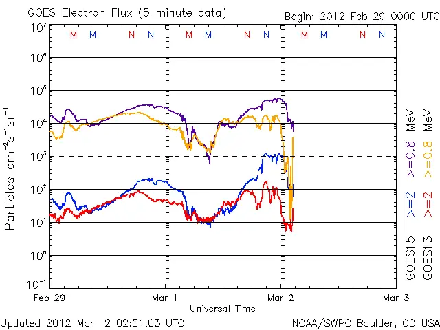 2日3時くらいから、やや乱れがあります。GOES13のラインは急激な落ち込みがあります。
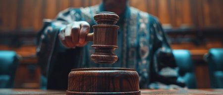Close-up of a judges hand holding a gavel above a sounding block, poised to deliver judgment, symbolizing authority
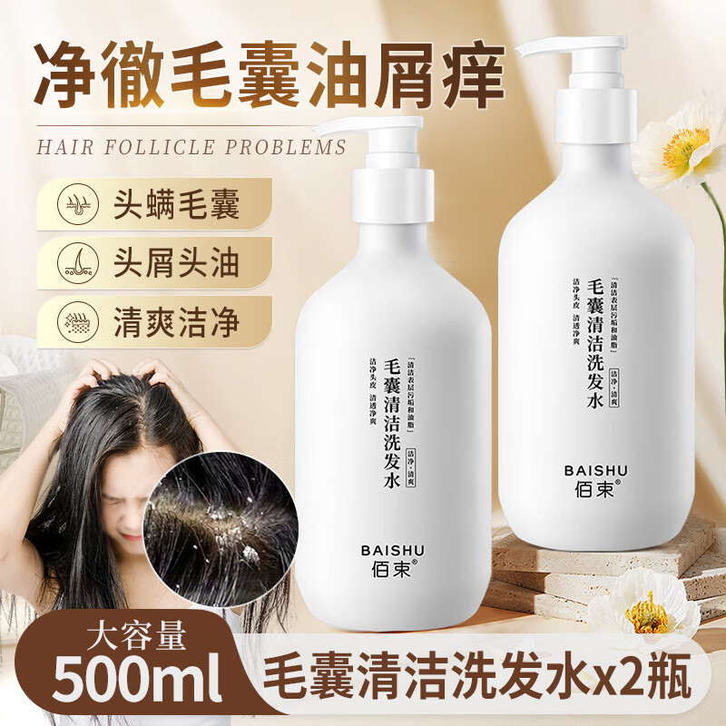 ¥19.9 佰束毛囊清洁洗发水头屑头痒头油螨虫清洁清爽柔顺留香蓬松洗发水女男 毛囊清洁洗发水, 500ml 2瓶 49.9
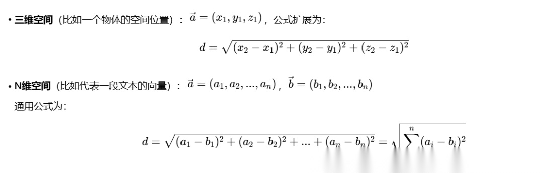 欧氏距离、余弦相似度。这个距离就是两段文字、两个图片的相似度。
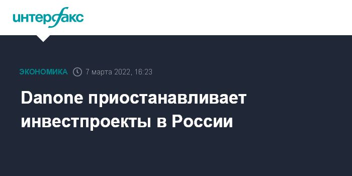 Москва. 7 марта. INTERFAX.RU - Французская Danone, один из крупнейших производителей молочной продукции, принял решение приостановить все инвестпроекты в РФ.
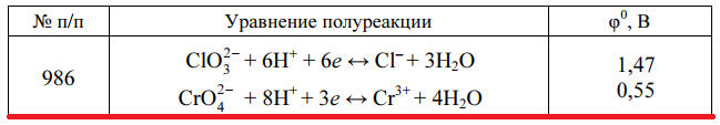 Задача 986 - по приведенным уравнениям полуреакций и значениям стандартных потенциалов составьте полное ионно-молекулярное уравнение окислительно-восстановительной реакции, самопроизвольно протекающей в редоксэлементе. Рассчитайте ЭДС элемента и стан
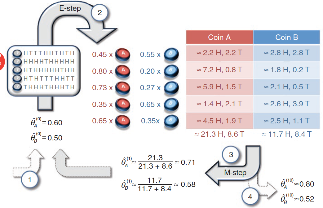既然硬币的选择已经确定,这时就可以使用最大似然估计,其结果和前文中的最大似然估计结果是相同的,也就是\(\\hat\\theta_A^{(1)} = 0.8, \\hat\\theta_B^{(1)} = 0.45\)。利用这组更新的参数又可以重新计算每一轮次抽取不同硬币的后验概率,你可以自己计算一下。
◇ ◇ ◇ ◇ ◇
■ TASK TO CARRY OUT ■
What you return must match, line for line, the records from the line containing "欧氏距离、余弦相似度。这个距离就是两段文字、两个图片的相似度。" through their end, with both ends included and no pictures.

■ ANSWER AREA ■
 欧氏距离、余弦相似度。这个距离就是两段文字、两个图片的相似度。
 Москва. 7 марта. INTERFAX.RU - Французская Danone, один из крупнейших производителей молочной продукции, принял решение приостановить все инвестпроекты в РФ.
 Задача 986 - по приведенным уравнениям полуреакций и значениям стандартных потенциалов составьте полное ионно-молекулярное уравнение окислительно-восстановительной реакции, самопроизвольно протекающей в редоксэлементе. Рассчитайте ЭДС элемента и стан
既然硬币的选择已经确定,这时就可以使用最大似然估计,其结果和前文中的最大似然估计结果是相同的,也就是\(\\hat\\theta_A^{(1)} = 0.8, \\hat\\theta_B^{(1)} = 0.45\)。利用这组更新的参数又可以重新计算每一轮次抽取不同硬币的后验概率,你可以自己计算一下。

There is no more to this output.